I have carefully selected 2 grammars that I'm happy for DS to go to

He can make the final decision but I know he has a strong preference for the one I'd most like him to attend

He wants to go to all boys, his sister will go to the other grammar

MysteriousUsername · 30/09/2024 18:07

I let mine choose. They all chose the school because it had the biggest library. All 3 are bookworms and ended up spending a lot of time in the library. It wasn't our catchment school, so none of their friends went there, but they all made new friends easily.

I think I let them because my own parents absolutely refused to let me go to the school I wanted to. I had a mainly miserable time at secondary school. Obviously I could have had a miserable time at the other school, but I have never forgotten the feeling of not being listened to by my parents.

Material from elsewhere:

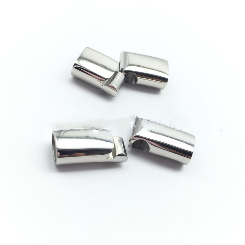 Замок магнитный из нержавеющей стали с покрытиями разных цветов - для плоских кожаных шнуров 8х4 мм. Габариты застежки 23х10 мм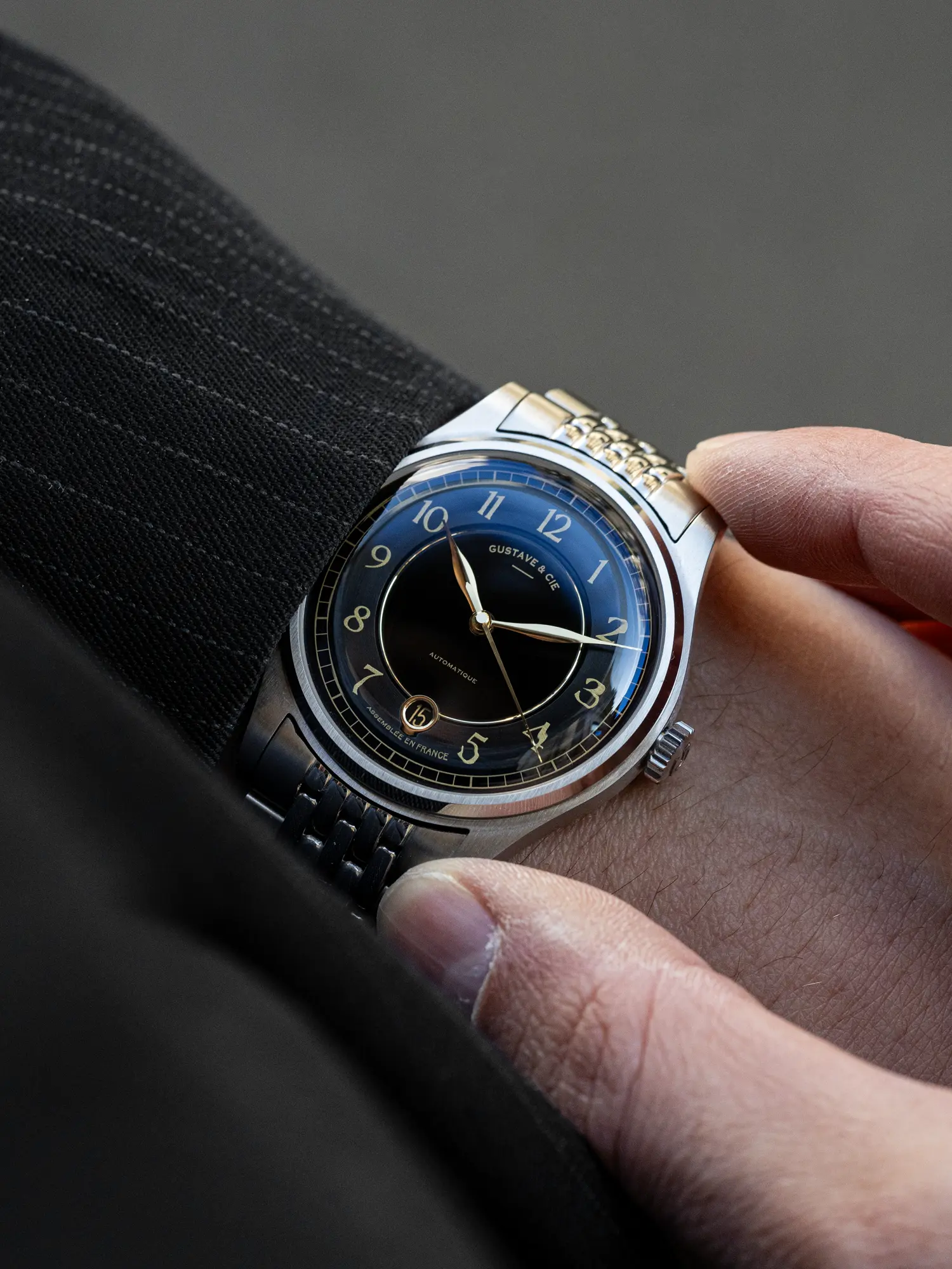 Avec son boîtier de 38 mm, cette montre automatique incarne l'élégance de notre maison horlogère. Son boîtier en acier inoxydable mêle finitions brossées et polies, tandis que son cadran noir 12H séduit par sa profondeur, avec un cercle brossé, des index bombés dorés et des aiguilles assorties. Une date à 6H complète ce modèle raffiné.

InSpainTheRain · 30/09/2024 18:14

We said they could choose - entirely up to them. Actually they wanted to discuss with us and sound out options, and then they made their own choices.

4405cd · 30/09/2024 18:17

Yes my children all picked their secondary schools.

4405cd · 30/09/2024 18:19

MysteriousUsername · 30/09/2024 18:07

I let mine choose. They all chose the school because it had the biggest library. All 3 are bookworms and ended up spending a lot of time in the library. It wasn't our catchment school, so none of their friends went there, but they all made new friends easily.

I think I let them because my own parents absolutely refused to let me go to the school I wanted to. I had a mainly miserable time at secondary school. Obviously I could have had a miserable time at the other school, but I have never forgotten the feeling of not being listened to by my parents.

This is exactly what happened to me I felt very strongly that it was their choice.

JumperStripes · 30/09/2024 18:23

I had the same experience as MysteriousUsername so yes, my children get the final say although it’s following joint discussions and several open day trips. Children are neurodivergent so it’s crucial they are as happy as they can be with the school.

TheHeadOfTheHouse · 30/09/2024 18:25

We have dd a say in which school she went to providing she wasn’t picking it for silly reasons like because it’s only on 2 floors and not 3 like the better school 🤔🙄

we did really big up the better school to influence dd to pick it, it was the only school no one else was going to, but it was the best in the area.

picking a school just because it’s the closest wasn’t a reason I would let her pick it for, I wanted her to go to a good school even if it was much further away.

MumChp · 30/09/2024 18:28

The children think they chose secondary. In fact we guided them. They went grammar.

Gasp0deTheW0nderD0g · 30/09/2024 18:29

It's a very long time ago now, but we visited a lot of schools because back then London schools were a very mixed bag, and in our area the options for boys were worse than for girls. The approach we took was that my husband, son and I visited every school together. After each visit we sat down together and rated the school on about a dozen criteria we'd agreed on together, e.g. ease and length of journey, curriculum options, did we like the buildings/site. We were mostly in agreement and when we'd seen all the schools there was one clear winner, which was indeed where he ended up. He's over 30 now and seemed to have a good experience at school. He did well academically. No regrets. We would never have forced him to go somewhere he really didn't like.

BananaSpanner · 30/09/2024 18:30

I did. We have our catchment school which is very good and another good school close by. We took him on the open days for both and he said without doubt that the catchment school was the right one for him. He liked it immediately. If he’d have had that feeling about the other school, I would have put that one as option one instead.

OhTediosity · 30/09/2024 18:31

I think it's important for the child's voice to be heard but tbh I think it's incredibly unhelpful in discussions with both adults and children to discuss 'picking' a school, as unless you are going private the state school admissions process means that you are merely expressing a preference. The current year 6 is just past the peak of the birth rate and are not quite as numerous as the two years above them but they are still a high birth rate year and in many areas there will be only the illusion of choice.